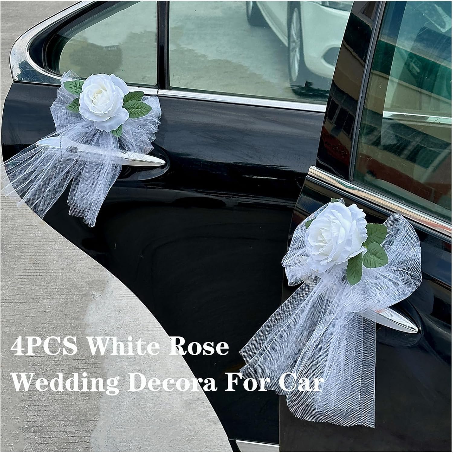 Elegant White Rose Wedding Car Door Handle Decoration – 12cm Artificial Flower with Leaf, White Tulle Bow & Suction Cup Attachment – Set of 4 for Bridal Vehicle Décor
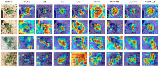 To further assess the interpretability and localized focus of these enhancements, we utilized Grad-CAM++ [] to generate heatmaps highlighting the regions most influential in the model’s decision-making process. Figure 9 shows that incorporating the CAM, SKAttention, and the decoupled detection head leads to more precise emphasis on weed regions. Notably, the full combination of all three modules demonstrates the highest concentration on target weeds and the least background confusion, thereby offering a clearer insight into how YOLO-ACE makes detection decisions. This comprehensive visualization indicates that each module not only contributes to performance gains but also improves model interpretability in real-world cotton field scenarios.
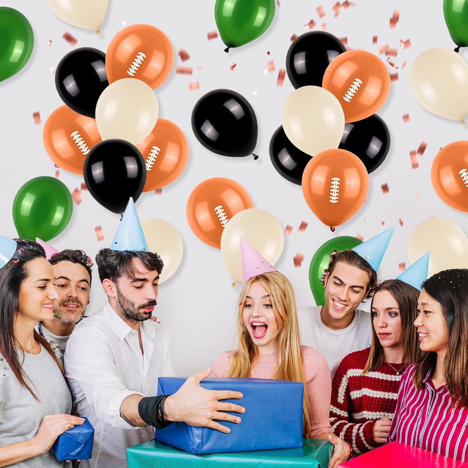 • 12 Inch football balloons: Package content includes 9 pcs football balloons, 7 pcs dark green balloons, 7 pcs beige balloons,7 pcs black balloons, a balloon ribbon.The color combination meets all your party imagination.
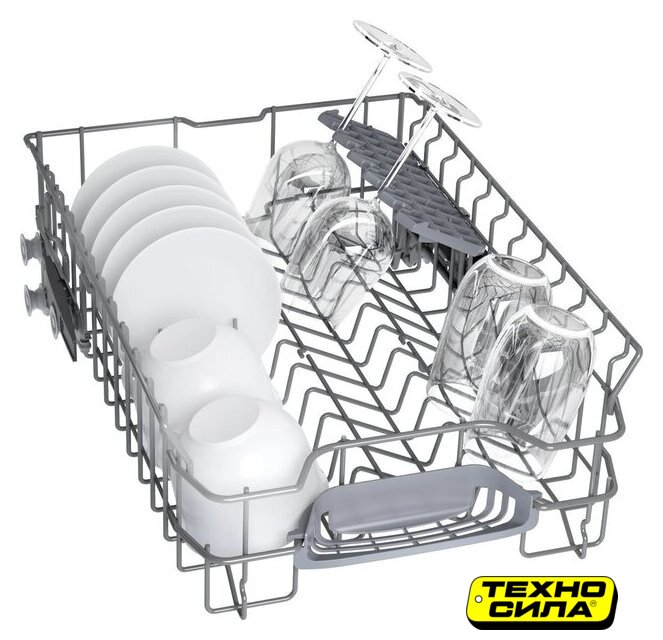 Особенности верхней корзины | регулировка положения по высоте, держатели для бокалов |
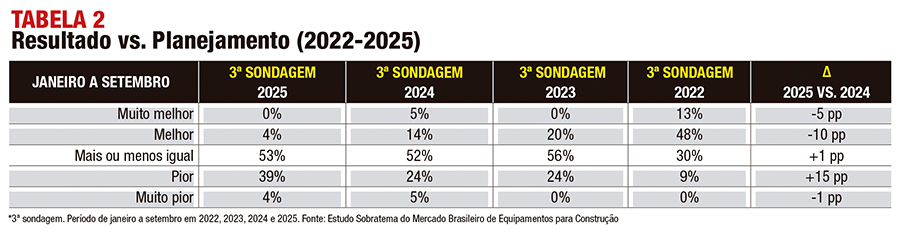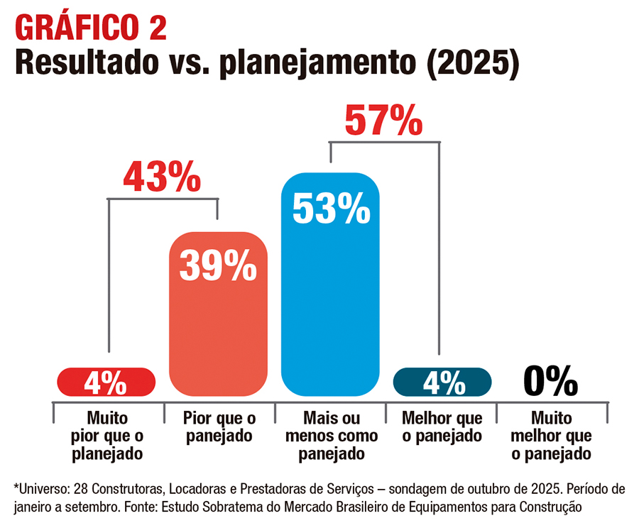 Do total de empresas participantes, 57% disseram que o período de janeiro a setembro de 2025 está “mais ou menos igual” ou “melhor” que o esperado em relação ao planejamento.
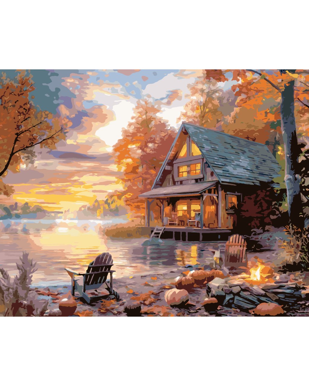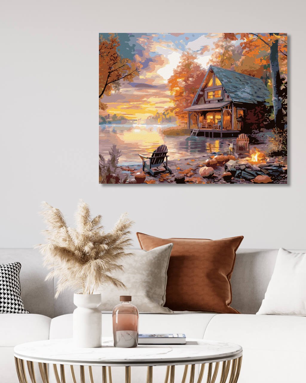 Maľovanie podľa čísel - TEKVICA, TÁBORÁK, KÁNOE PRI JAZERE A ZÁPAD SLNKA

===

__Directions__
An exact copy of every line above, minus the pictures, is the required output.

__Solution below__
 Elegant White Rose Wedding Car Door Handle Decoration – 12cm Artificial Flower with Leaf, White Tulle Bow & Suction Cup Attachment – Set of 4 for Bridal Vehicle Décor
 To further assess the interpretability and localized focus of these enhancements, we utilized Grad-CAM++ [] to generate heatmaps highlighting the regions most influential in the model’s decision-making process. Figure 9 shows that incorporating the CAM, SKAttention, and the decoupled detection head leads to more precise emphasis on weed regions. Notably, the full combination of all three modules demonstrates the highest concentration on target weeds and the least background confusion, thereby offering a clearer insight into how YOLO-ACE makes detection decisions. This comprehensive visualization indicates that each module not only contributes to performance gains but also improves model interpretability in real-world cotton field scenarios.
 • 12 Inch football balloons: Package content includes 9 pcs football balloons, 7 pcs dark green balloons, 7 pcs beige balloons,7 pcs black balloons, a balloon ribbon.The color combination meets all your party imagination.
 Особенности верхней корзины | регулировка положения по высоте, держатели для бокалов |
 Do total de empresas participantes, 57% disseram que o período de janeiro a setembro de 2025 está “mais ou menos igual” ou “melhor” que o esperado em relação ao planejamento.
 Maľovanie podľa čísel - TEKVICA, TÁBORÁK, KÁNOE PRI JAZERE A ZÁPAD SLNKA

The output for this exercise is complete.